Content starts
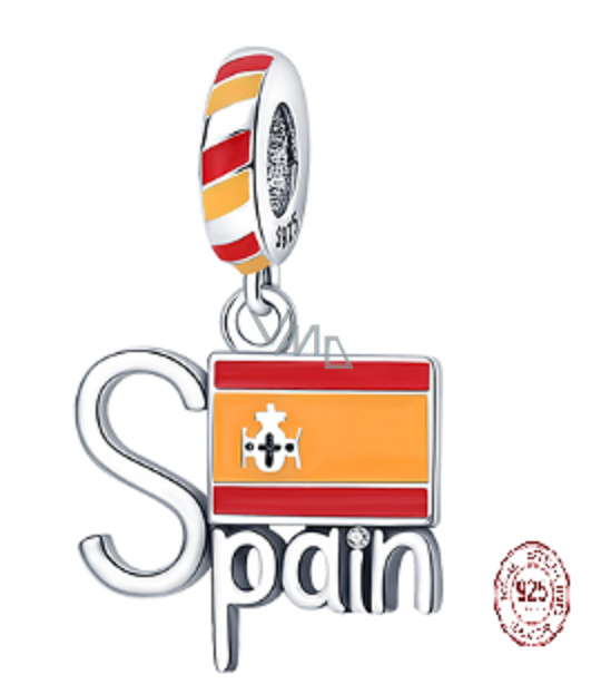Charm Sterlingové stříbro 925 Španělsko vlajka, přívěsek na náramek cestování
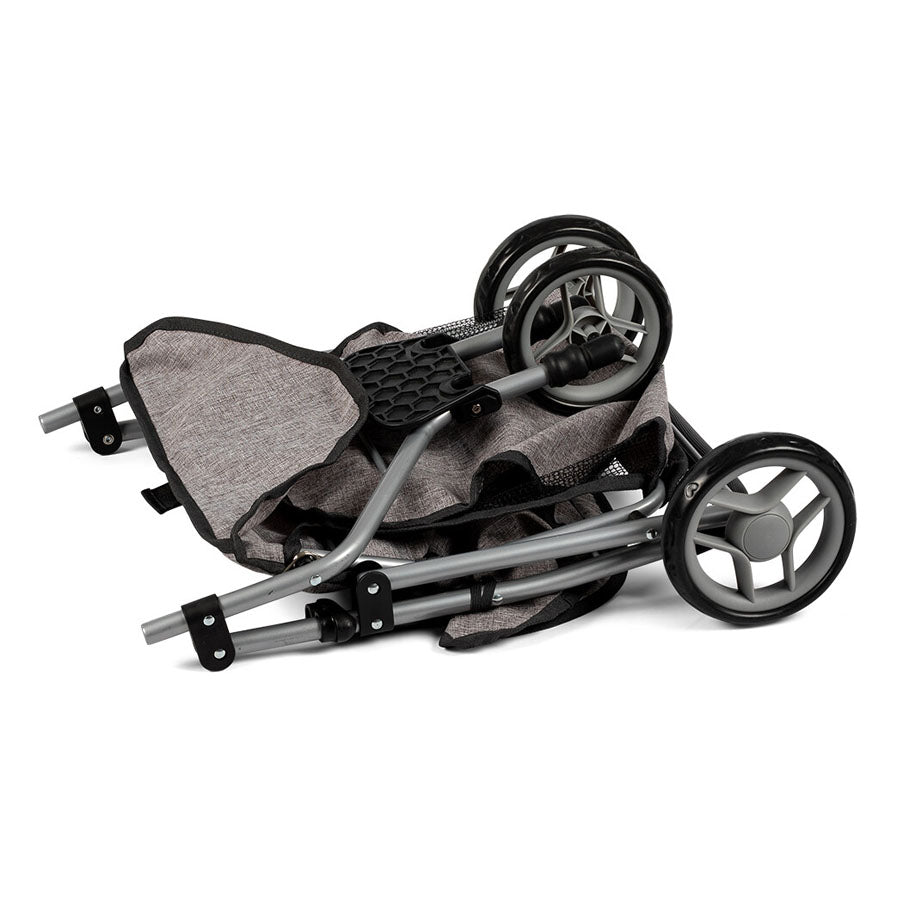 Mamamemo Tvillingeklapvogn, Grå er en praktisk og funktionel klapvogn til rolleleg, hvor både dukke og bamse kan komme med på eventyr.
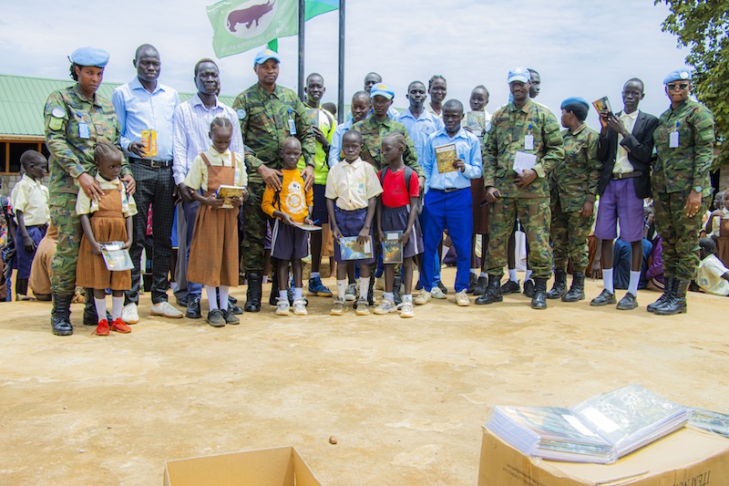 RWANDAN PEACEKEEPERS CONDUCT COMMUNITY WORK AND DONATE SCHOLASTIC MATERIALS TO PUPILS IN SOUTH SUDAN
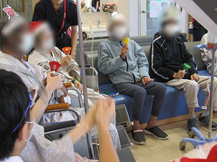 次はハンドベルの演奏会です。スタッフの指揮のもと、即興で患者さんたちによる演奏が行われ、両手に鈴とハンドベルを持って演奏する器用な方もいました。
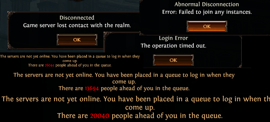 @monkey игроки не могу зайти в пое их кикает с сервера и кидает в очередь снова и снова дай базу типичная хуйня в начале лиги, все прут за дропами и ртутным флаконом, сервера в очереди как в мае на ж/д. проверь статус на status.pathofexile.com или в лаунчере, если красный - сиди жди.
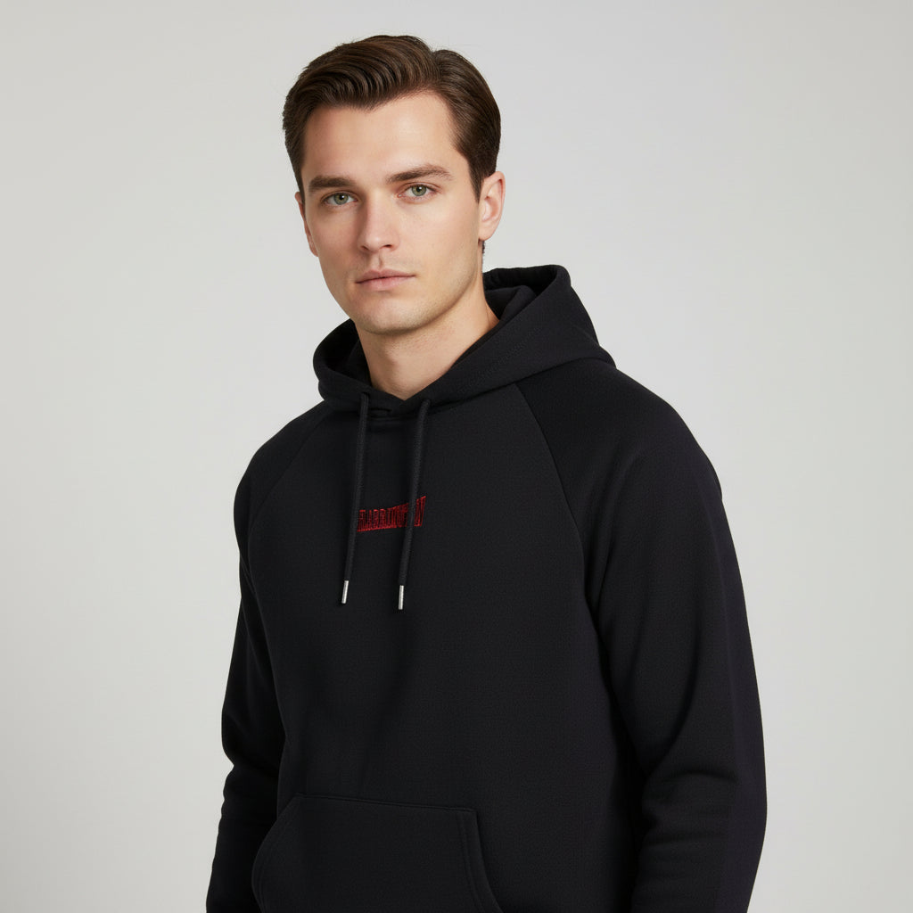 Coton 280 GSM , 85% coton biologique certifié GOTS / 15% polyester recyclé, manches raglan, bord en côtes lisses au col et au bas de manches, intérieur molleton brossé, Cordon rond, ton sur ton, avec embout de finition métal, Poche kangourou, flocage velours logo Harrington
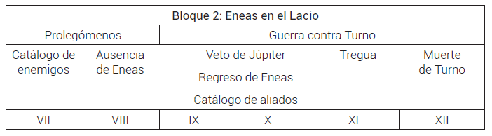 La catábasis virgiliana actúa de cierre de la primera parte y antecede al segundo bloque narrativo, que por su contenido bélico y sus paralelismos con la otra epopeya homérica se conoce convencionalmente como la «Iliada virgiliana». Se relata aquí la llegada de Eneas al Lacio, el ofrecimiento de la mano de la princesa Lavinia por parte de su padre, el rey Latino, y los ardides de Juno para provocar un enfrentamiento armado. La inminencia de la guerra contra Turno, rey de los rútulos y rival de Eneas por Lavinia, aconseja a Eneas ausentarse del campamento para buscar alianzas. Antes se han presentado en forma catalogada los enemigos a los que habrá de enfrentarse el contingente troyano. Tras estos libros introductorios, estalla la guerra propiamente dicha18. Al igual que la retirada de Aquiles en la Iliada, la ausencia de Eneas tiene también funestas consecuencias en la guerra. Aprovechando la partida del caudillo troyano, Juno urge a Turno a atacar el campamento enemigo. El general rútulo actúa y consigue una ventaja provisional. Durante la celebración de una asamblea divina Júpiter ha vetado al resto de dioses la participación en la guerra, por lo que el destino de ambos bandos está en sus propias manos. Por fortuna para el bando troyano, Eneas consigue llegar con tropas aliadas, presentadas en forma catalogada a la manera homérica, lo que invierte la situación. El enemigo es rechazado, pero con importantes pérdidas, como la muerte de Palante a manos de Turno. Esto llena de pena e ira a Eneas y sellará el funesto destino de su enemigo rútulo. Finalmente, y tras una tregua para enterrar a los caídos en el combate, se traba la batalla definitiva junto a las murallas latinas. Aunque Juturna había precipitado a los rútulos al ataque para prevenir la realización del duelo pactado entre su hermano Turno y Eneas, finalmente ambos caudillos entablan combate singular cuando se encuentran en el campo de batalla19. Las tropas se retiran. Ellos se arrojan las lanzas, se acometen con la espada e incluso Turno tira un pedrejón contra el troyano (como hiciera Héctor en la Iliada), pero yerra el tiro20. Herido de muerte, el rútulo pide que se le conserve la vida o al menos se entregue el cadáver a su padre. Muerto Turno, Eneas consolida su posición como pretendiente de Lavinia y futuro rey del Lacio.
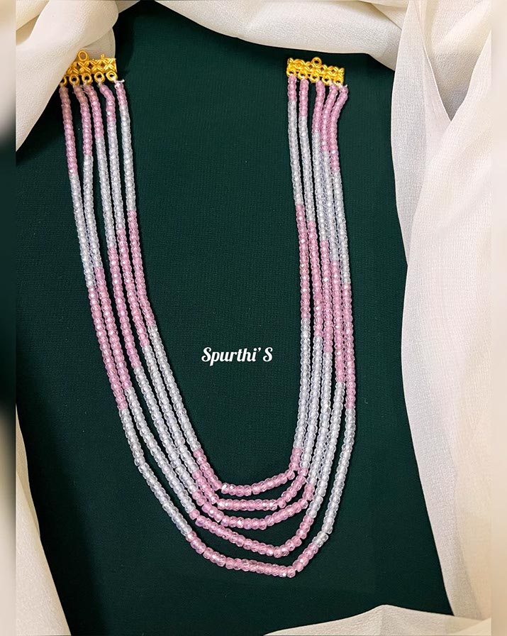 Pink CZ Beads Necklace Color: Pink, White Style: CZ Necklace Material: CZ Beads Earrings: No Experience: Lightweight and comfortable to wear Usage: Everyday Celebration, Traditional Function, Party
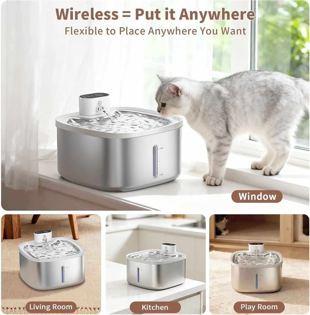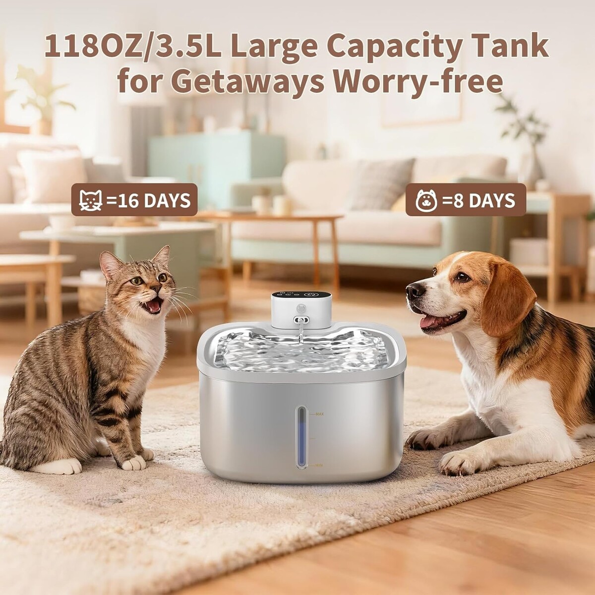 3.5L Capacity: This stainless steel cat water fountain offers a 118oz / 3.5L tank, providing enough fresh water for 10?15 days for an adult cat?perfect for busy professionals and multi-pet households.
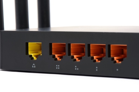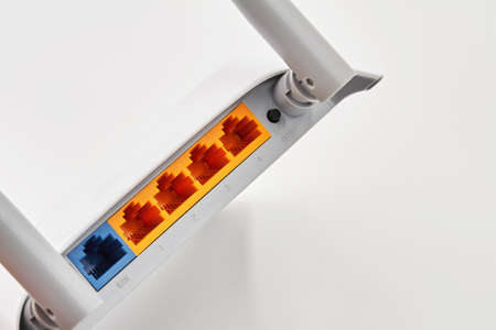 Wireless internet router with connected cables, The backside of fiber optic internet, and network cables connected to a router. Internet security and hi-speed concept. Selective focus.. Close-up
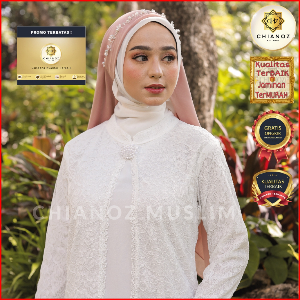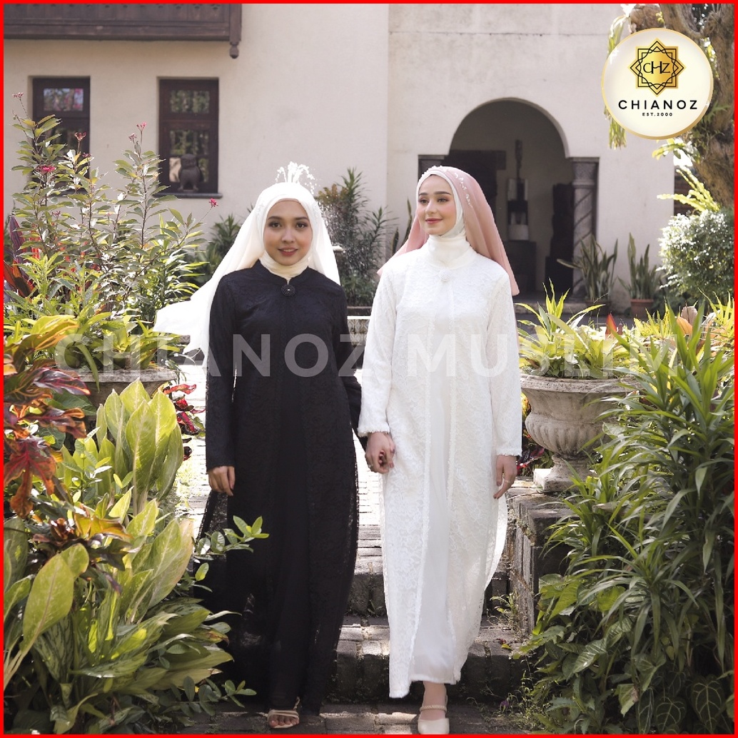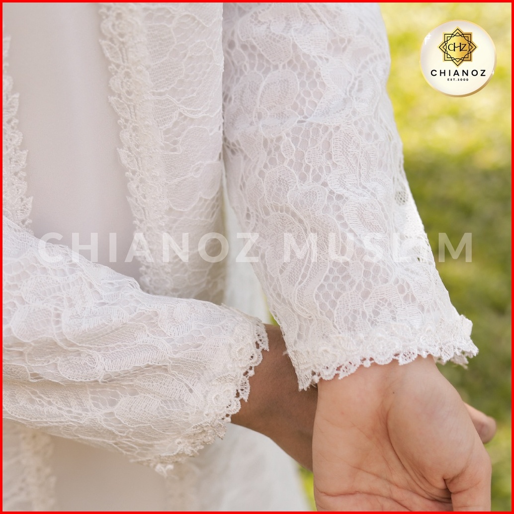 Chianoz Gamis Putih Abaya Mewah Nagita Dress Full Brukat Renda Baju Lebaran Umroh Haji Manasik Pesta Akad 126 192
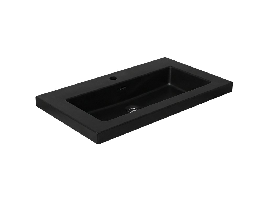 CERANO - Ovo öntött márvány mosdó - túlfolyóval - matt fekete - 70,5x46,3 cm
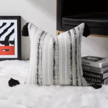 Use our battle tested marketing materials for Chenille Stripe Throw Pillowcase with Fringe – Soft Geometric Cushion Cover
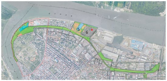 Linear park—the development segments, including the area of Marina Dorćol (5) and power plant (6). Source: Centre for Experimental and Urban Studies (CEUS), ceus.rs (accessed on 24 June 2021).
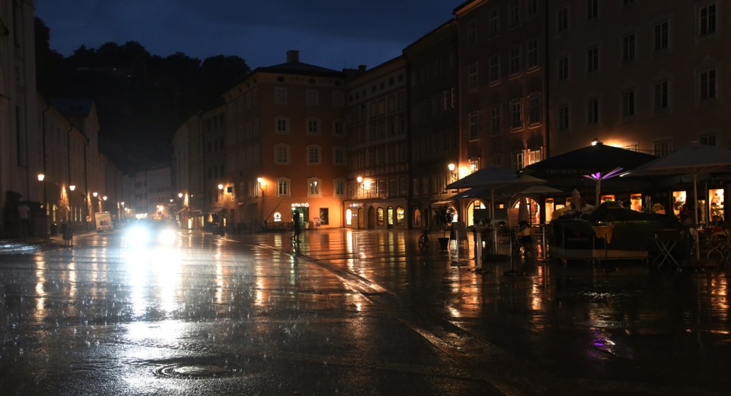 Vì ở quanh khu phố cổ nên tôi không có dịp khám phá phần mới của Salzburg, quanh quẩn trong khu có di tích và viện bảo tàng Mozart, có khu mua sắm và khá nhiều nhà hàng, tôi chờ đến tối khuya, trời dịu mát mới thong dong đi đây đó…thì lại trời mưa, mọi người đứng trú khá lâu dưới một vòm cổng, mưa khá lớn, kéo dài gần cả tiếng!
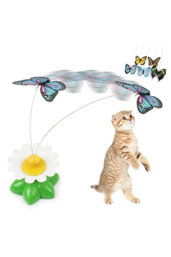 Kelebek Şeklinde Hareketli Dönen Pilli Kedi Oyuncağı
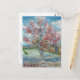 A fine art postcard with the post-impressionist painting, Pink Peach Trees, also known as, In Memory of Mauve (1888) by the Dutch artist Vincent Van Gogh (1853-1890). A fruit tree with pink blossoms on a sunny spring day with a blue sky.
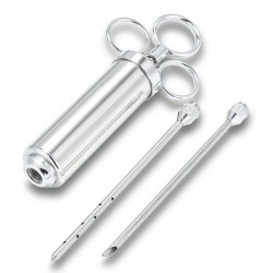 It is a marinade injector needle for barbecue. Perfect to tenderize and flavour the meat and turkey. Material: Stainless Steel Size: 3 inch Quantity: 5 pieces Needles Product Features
Content ends
Repeat the listing above up to and including the line with "Coton 280 GSM", starting from its first line. Drop any pictures.

Charm Sterlingové stříbro 925 Španělsko vlajka, přívěsek na náramek cestování
 Mamamemo Tvillingeklapvogn, Grå er en praktisk og funktionel klapvogn til rolleleg, hvor både dukke og bamse kan komme med på eventyr.
 RWANDAN PEACEKEEPERS CONDUCT COMMUNITY WORK AND DONATE SCHOLASTIC MATERIALS TO PUPILS IN SOUTH SUDAN
 次はハンドベルの演奏会です。スタッフの指揮のもと、即興で患者さんたちによる演奏が行われ、両手に鈴とハンドベルを持って演奏する器用な方もいました。
 @monkey игроки не могу зайти в пое их кикает с сервера и кидает в очередь снова и снова дай базу типичная хуйня в начале лиги, все прут за дропами и ртутным флаконом, сервера в очереди как в мае на ж/д. проверь статус на status.pathofexile.com или в лаунчере, если красный - сиди жди.
 Coton 280 GSM , 85% coton biologique certifié GOTS / 15% polyester recyclé, manches raglan, bord en côtes lisses au col et au bas de manches, intérieur molleton brossé, Cordon rond, ton sur ton, avec embout de finition métal, Poche kangourou, flocage velours logo Harrington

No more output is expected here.